MATERIAL SUPPLIED ▸
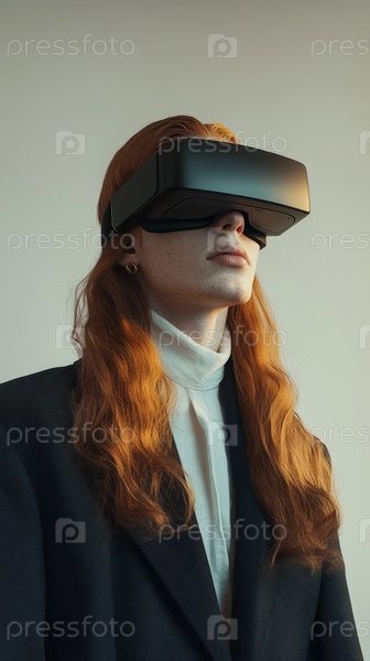 Женщина, носящая гарнитуру VR, погрузилась в виртуальную реальность
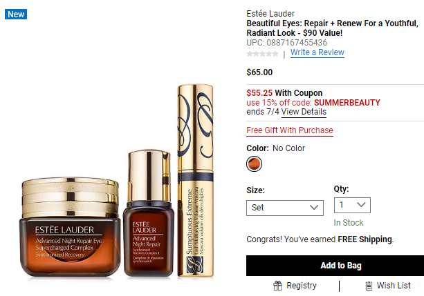 | 内容: | Belk网站现有全场正价美妆护肤无门槛85折,需用码:SUMMERBEAUTY;Estée Lauder 雅诗兰黛,科颜氏,Lancome 兰蔻,Bobbi Brown 芭比波朗,Dior 迪奥等都参加,还可叠加各品牌满赠,有需要的可入; 这款雅诗兰黛 小棕瓶限量护肤三件套现价$65,价值90美金,使用85折码后$55.25(约387元); 套装包括:正装小棕瓶眼霜0.5oz;旅行装小棕瓶精华0.24oz;浓密睫毛膏0.1oz,相当于买眼霜送旅行装小棕瓶和睫毛膏!
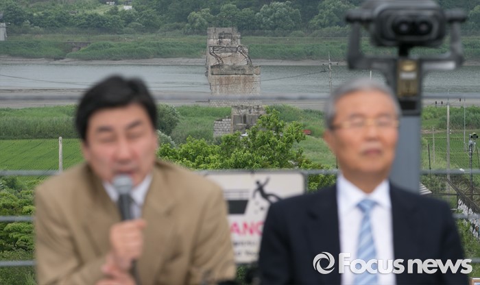 (파주=포커스뉴스) 15일 오전 경기도 파주 임진각 통일전망대에서 열린 더불어민주당 비상대책위원회의에 참석한 김종인(오른쪽) 비대위 대표와 이종걸 비대위원 모습 뒤로 임진각 동쪽철교가 보이고 있다.
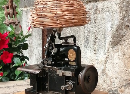 C’est une pépite que nous vous avons dénichée dans un vide-maison local…une ancienne surjeteuse Singer, pièce rare à chiner.
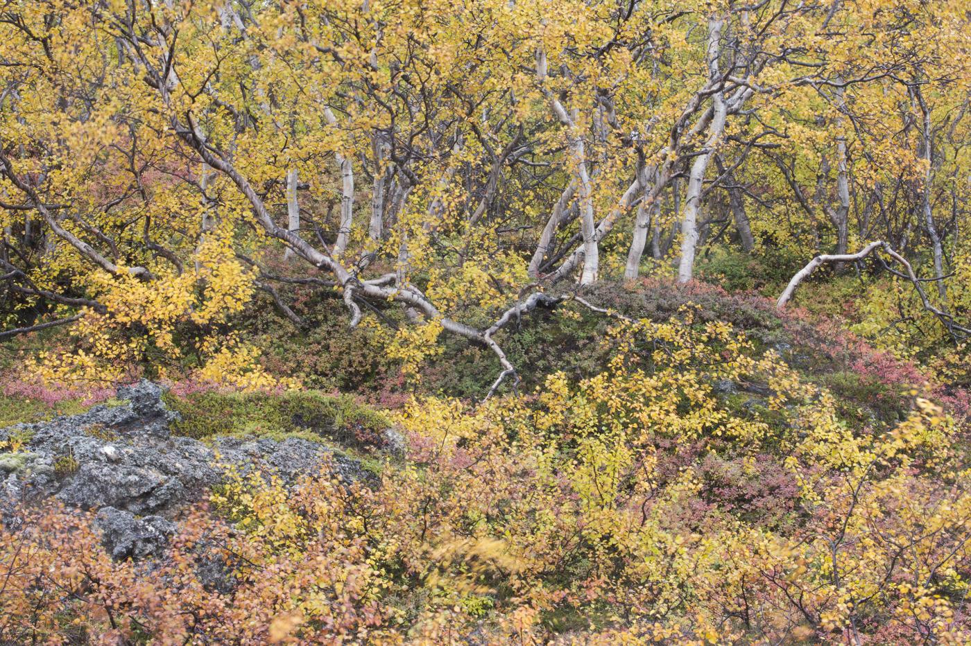 Shaking my head, we wander towards a clump of birches growing on the southern side of the island. Their leaves are already golden, several weeks further into autumn than their counterparts in the glen and, although the trees are only a metre in height, they have thick, multi-stemmed trunks that betray their considerable age. Hanging from their branches, we find our prize – hundreds of catkins hanging like Christmas decorations.

YOUR INSTRUCTIONS ▸ Give back, exactly as written, the lines from the top of the material through the line with "C’est une pépite", ends included and pictures left aside.

RESULT BELOW ▸
 Женщина, носящая гарнитуру VR, погрузилась в виртуальную реальность
 | 内容: | Belk网站现有全场正价美妆护肤无门槛85折,需用码:SUMMERBEAUTY;Estée Lauder 雅诗兰黛,科颜氏,Lancome 兰蔻,Bobbi Brown 芭比波朗,Dior 迪奥等都参加,还可叠加各品牌满赠,有需要的可入; 这款雅诗兰黛 小棕瓶限量护肤三件套现价$65,价值90美金,使用85折码后$55.25(约387元); 套装包括:正装小棕瓶眼霜0.5oz;旅行装小棕瓶精华0.24oz;浓密睫毛膏0.1oz,相当于买眼霜送旅行装小棕瓶和睫毛膏!
 (파주=포커스뉴스) 15일 오전 경기도 파주 임진각 통일전망대에서 열린 더불어민주당 비상대책위원회의에 참석한 김종인(오른쪽) 비대위 대표와 이종걸 비대위원 모습 뒤로 임진각 동쪽철교가 보이고 있다.
 C’est une pépite que nous vous avons dénichée dans un vide-maison local…une ancienne surjeteuse Singer, pièce rare à chiner.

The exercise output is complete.